Redfish Lodge got racked pretty bad by the storm. Ruddy Lodge lost a section of roof and the main lodge sustained serious damage. They are hoping to be fully operational by spring and I am happy to say that there was a lot of activity last time I was by there about 3-4 weeks ago. Good folks and I do know the area is starving for tourism dollars so they would love having your group visit Rockport. Fishing is pretty fun in that area during spring. 
Phone : +1-800-392-9324 
Mail : [email protected]
http://redfishlodge.com/
https://www.facebook.com/RedfishLodgeonCopanoBay


----------



## Whiskey Angler (Mar 20, 2015)

Tx_Whipray said:


> What about Bay Flats Lodge out of Seadrift? Or are they set on Rockport/Port A?





EdK13 said:


> Redfish Lodge got racked pretty bad by the storm. Ruddy Lodge lost a section of roof and the main lodge sustained serious damage. They are hoping to be fully operational by spring and I am happy to say that there was a lot of activity last time I was by there about 3-4 weeks ago. Good folks and I do know the area is starving for tourism dollars so they would love having your group visit Rockport. Fishing is pretty fun in that area during spring.
> Phone : +1-800-392-9324
> Mail : [email protected]
> http://redfishlodge.com/
> https://www.facebook.com/RedfishLodgeonCopanoBay


Thanks guys. Even if the lodges aren't open for overnight stay, I'm sure they could still help gather a couple guides for the group. 
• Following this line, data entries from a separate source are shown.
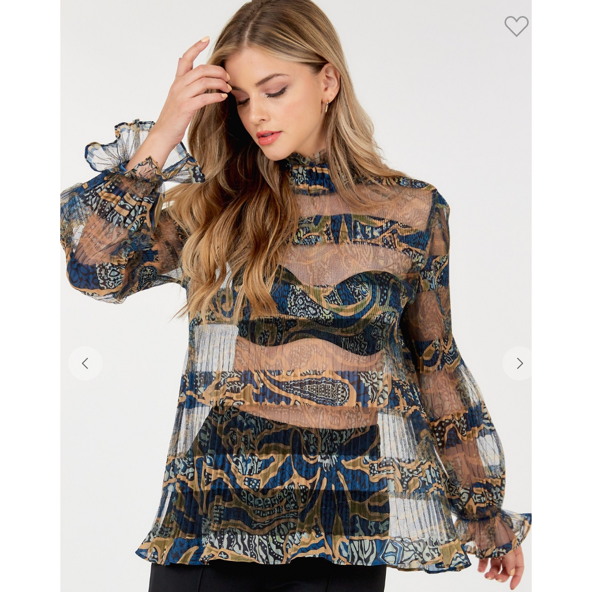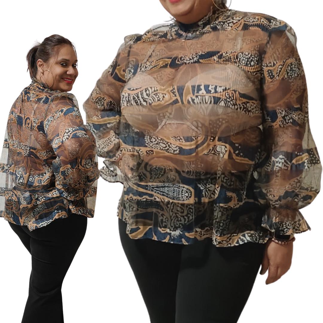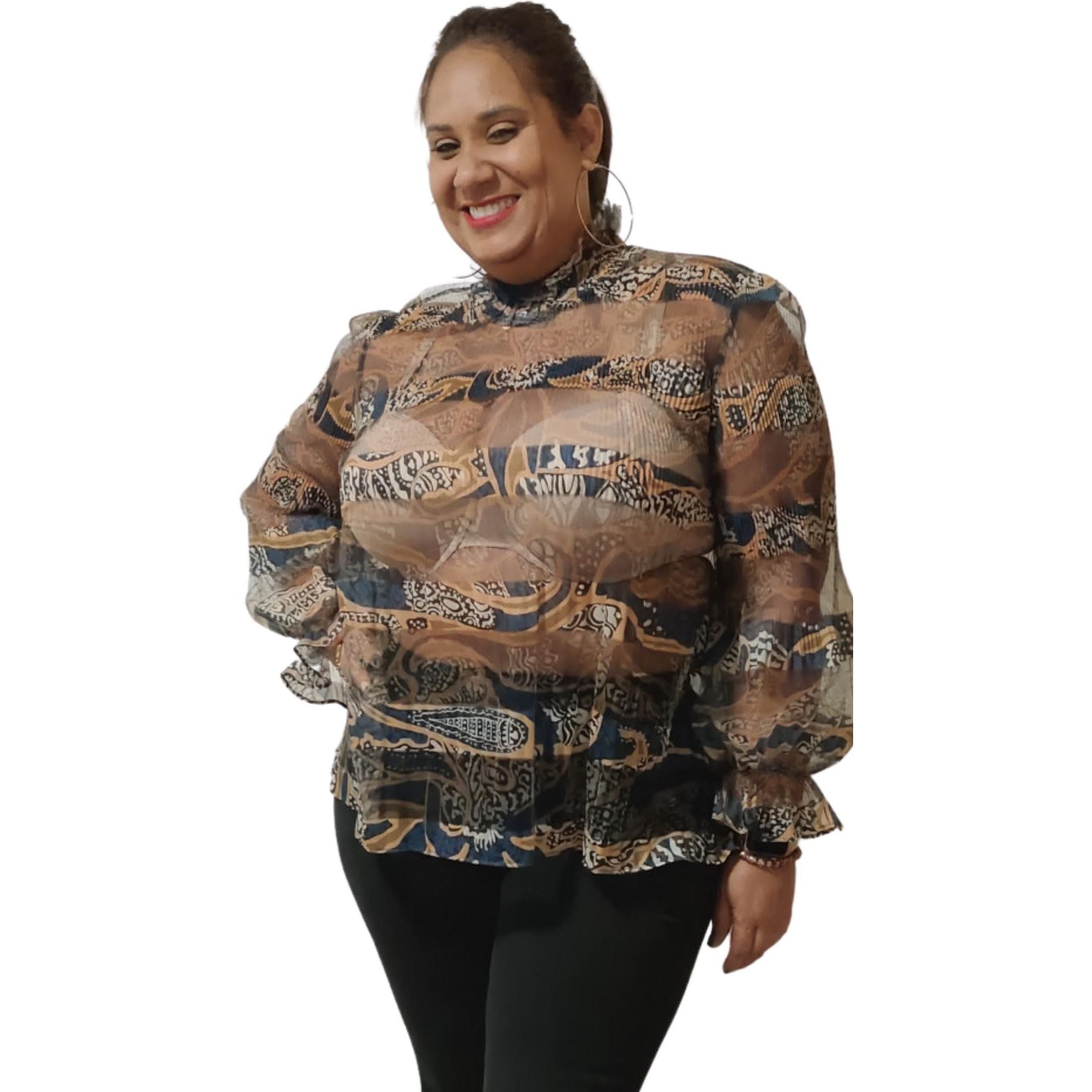 The Adeline blouse brings comfort and elegance together. Made with soft, sheer fabric, it features a printed pattern in warm tones, a frill collar, and flowy long sleeves. You can wear it loose for a relaxed look or add a belt to define your waist, perfect for any outing or family gathering.
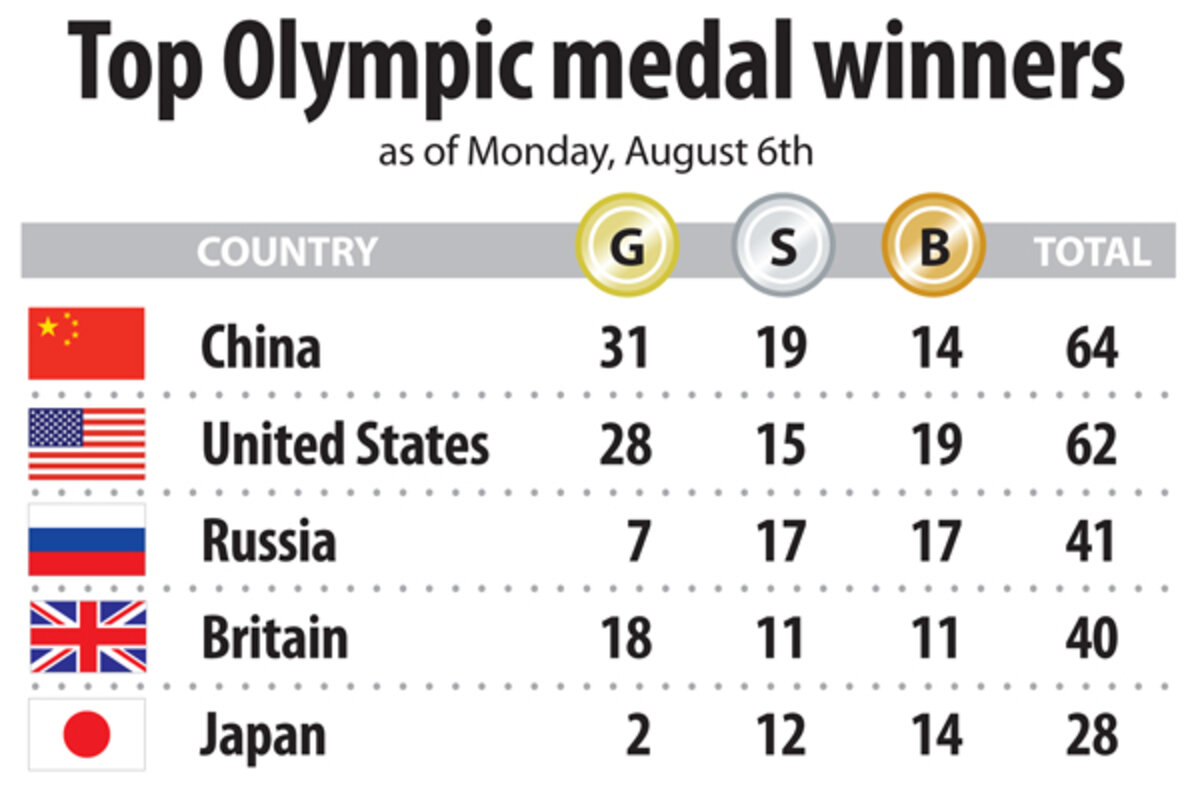 Monday was also a good day for the British. They held firm in third place with 40 medals total, 18 of them gold. The Brits picked up two more gold medals, one by cyclist , who won the men's sprint in track cycling. It was Kenny's second gold of the London Games, as he also picked up a gold with the men's track team in their sprint.
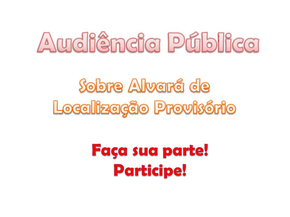 A Câmara de Vereadores de Estrela Velha realizará Audiência Pública no dia 08 de junho, às 19horas, na Sala de Sessões Erno Billig, para tratar sobre a concessão do Alvará de Localização Provisório para o funcionamento e instalação de atividades econômicas, do Município de Estrela Velha.

I've taken all your suggestions and passed them along to my bud.

Thanks again!


----------



## 1Fisher77316 (Nov 1, 2016)

Tx_Whipray said:


> What about Bay Flats Lodge out of Seadrift? Or are they set on Rockport/Port A?


I'll second Bay Flats Lodge at Seadrift. It's hard to go wrong with their facilities and their guides. They do it right and with the range of boats they offer..ie from airboats for the shallow back lakes to great tunnels they can cover where ever the fish are holding. They do well with either bait or artificial.
Tight lines
1Fisher77316


----------



## Smackdaddy53 (Dec 31, 2012)

Budweiser Lodge in Port O’Connor does group trips like that all the time. Their lodge is private but your group can stay at numerous places in POC and fish with their guides. I can get more information today. They do bay, jetty and light offshore trips which Bay Flats won’t do as much because of the distance from the jetties.


----------